START Record excerpts

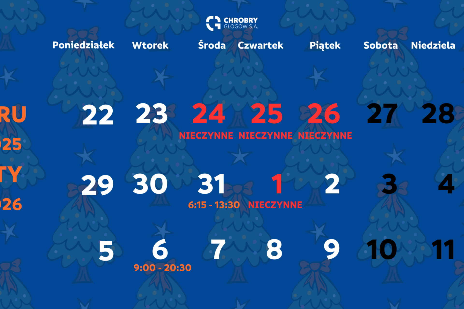 Godziny otwarcia Pływalni Chrobry Głogów w okresie świąteczno-noworocznym 08-12-2025 02:16 autor: BK Szanowni Klienci, informujemy o zmianach w funkcjonowaniu Pływalni Chrobry Głogów w przerwie świątecznej: 23 grudnia (poniedziałek) – czynne zgodnie ze standardowym harmonogramem 24–26 grudnia (środa, czwartek, piątek) – obiekt nieczynny 27–28 grudnia (sobota, niedziela) – czynne według weekendowego harmonogramu 29–30 grudnia (poniedziałek, wtorek) – czynne według weekendowego harmonogramu 31 grudnia (środa) – czynne w godz. 6:15–13:30 (ostatnie wejście na basen o 12:30) 1 stycznia (czwartek) – obiekt nieczynny 6 stycznia (wtorek) – czynne w godz. 9:00–20:30 7 stycznia (środa) – powrót do standardowego harmonogramu Dziękujemy za zrozumienie i zapraszamy do korzystania z naszych usług w okresie świątecznym oraz noworocznym.
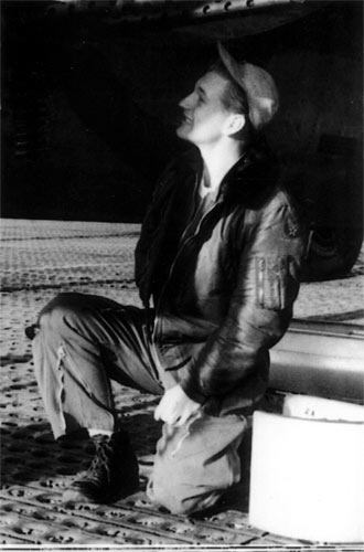 Rainey at Yokota AFB Checking his .50 caliber machine guns |
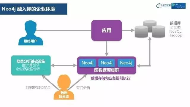 未来如何架构你的应用呢?以前的应用,是在上面这条线,从用户到应用,到数据库。未来我们用上Neo4j,在下方增加支路来访问Neo4j图数据库。
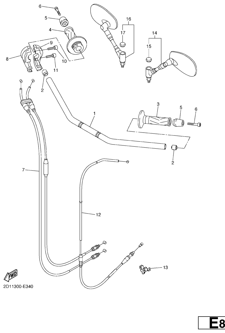 Ohjaustanko ja vaijerit, FZ1-N 2006, FZ1-N, 1000 cc, Yamaha -varaosa luettelot
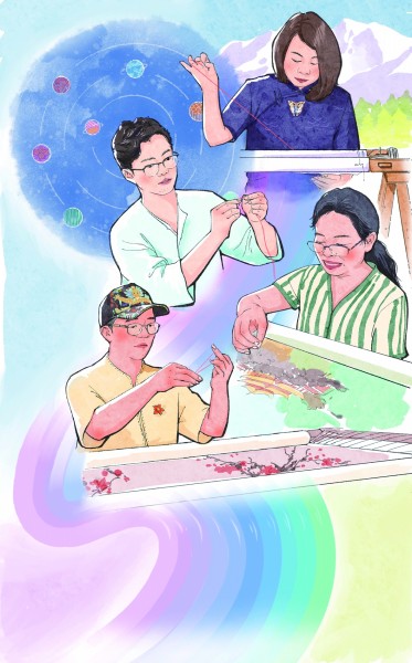 从《星空》到《山海经》,张雪始终践行着“探索苏绣无限可能性”的信条。“一根丝线能抵达的远方,远比我们想象的更辽阔。”他说,“苏绣的语言,能对接古今,更能对话天地,我愿意用一辈子去探索深耕。”
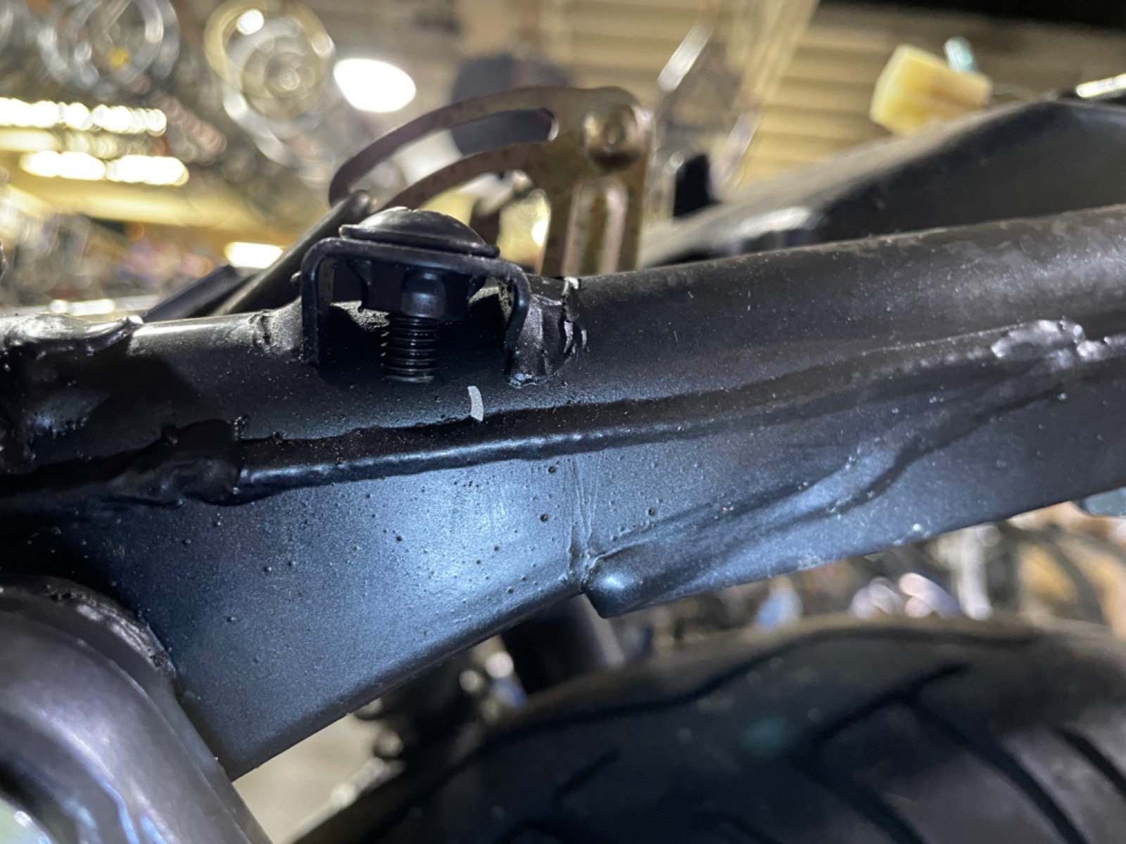 20 Dec 2021 05:16I’ve got the rear cowl, and combination fender and taillight mount removed, along with a small amount of other peripherals. Looking at the bike from straight on at the rear, I noticed that the left side is ever so slightly higher than the right. I put a straight edge on it to confirm. So I looked closely and it appears there is a place where the frame flexed and buckled up a small amount. I tried to take a photo of it, below.
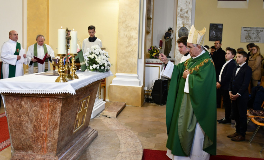 A szentmise kezdetén a püspök megszentelte a vizet, amellyel meghintette a templom belső falait, az új oltárokat és a híveket. „Hallgasd meg itt egybegyűlt közösséged imádságát, és áldd meg ezt a felújított templomot. Add, hogy a hívek itt megtapasztalják közelségedet és szeretetedet. Erősítsd meg őket az egységben” – hangzott el a megáldási szertartáson.
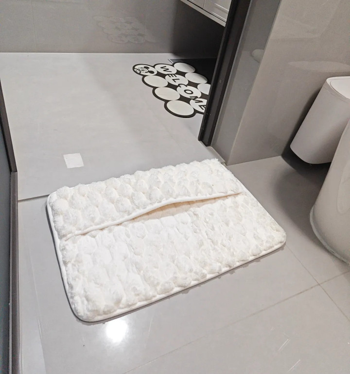 更离谱的是,居然还能化了!一旦受潮吸水过量,整块垫子就会变得软烂黏糊,粘在瓷砖上,那场面,简直像是史莱姆入侵。
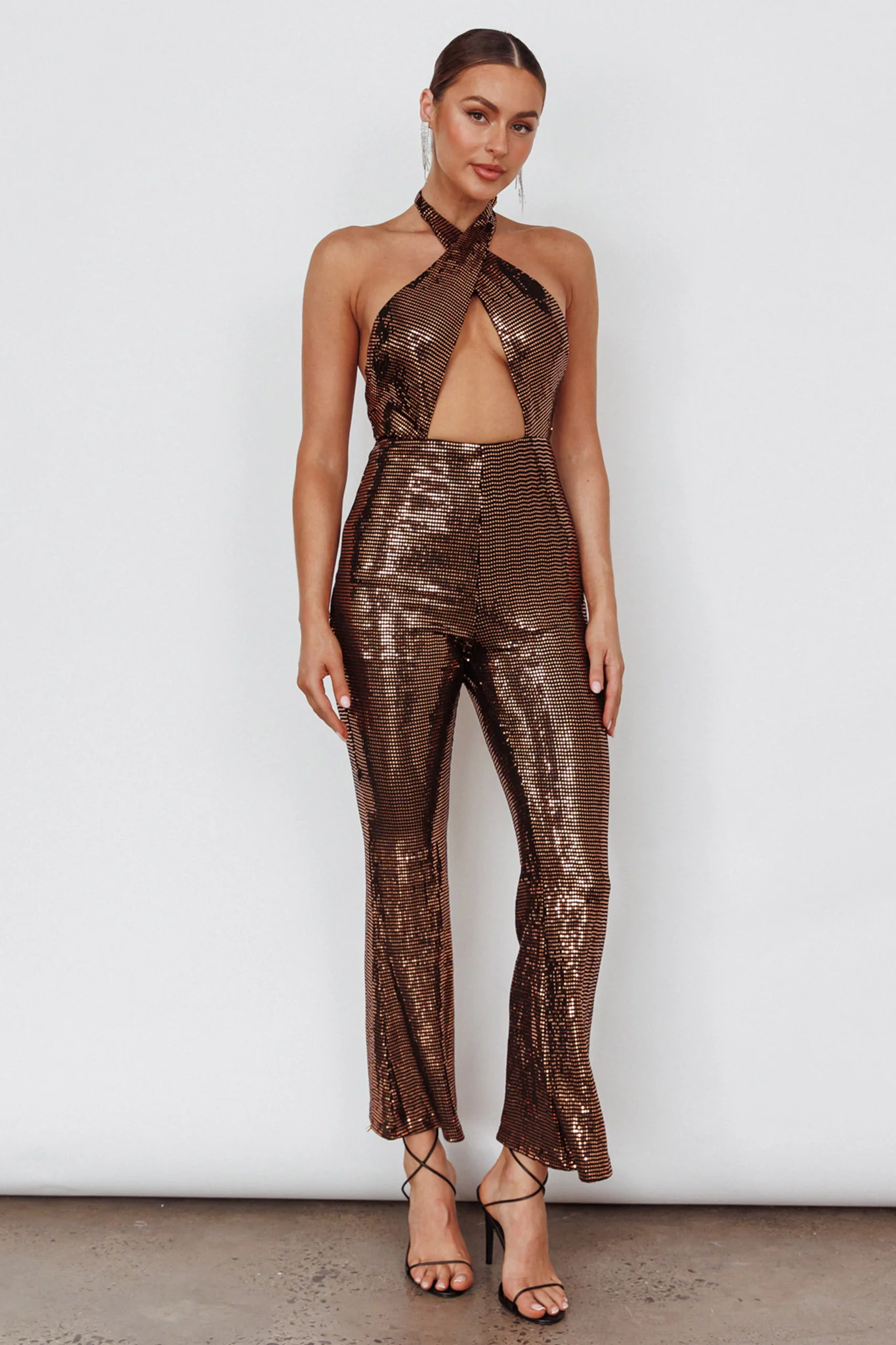 Moon In Leo Halterneck Jumpsuit Bronze

END Record excerpts

▶ **How to complete this task**
Take the records above from the line with "20 Dec 2021" down to their last line and please copy those lines exactly, without the pictures.

▶ **Task result**
 20 Dec 2021 05:16I’ve got the rear cowl, and combination fender and taillight mount removed, along with a small amount of other peripherals. Looking at the bike from straight on at the rear, I noticed that the left side is ever so slightly higher than the right. I put a straight edge on it to confirm. So I looked closely and it appears there is a place where the frame flexed and buckled up a small amount. I tried to take a photo of it, below.
 A szentmise kezdetén a püspök megszentelte a vizet, amellyel meghintette a templom belső falait, az új oltárokat és a híveket. „Hallgasd meg itt egybegyűlt közösséged imádságát, és áldd meg ezt a felújított templomot. Add, hogy a hívek itt megtapasztalják közelségedet és szeretetedet. Erősítsd meg őket az egységben” – hangzott el a megáldási szertartáson.
 更离谱的是,居然还能化了!一旦受潮吸水过量,整块垫子就会变得软烂黏糊,粘在瓷砖上,那场面,简直像是史莱姆入侵。
 Moon In Leo Halterneck Jumpsuit Bronze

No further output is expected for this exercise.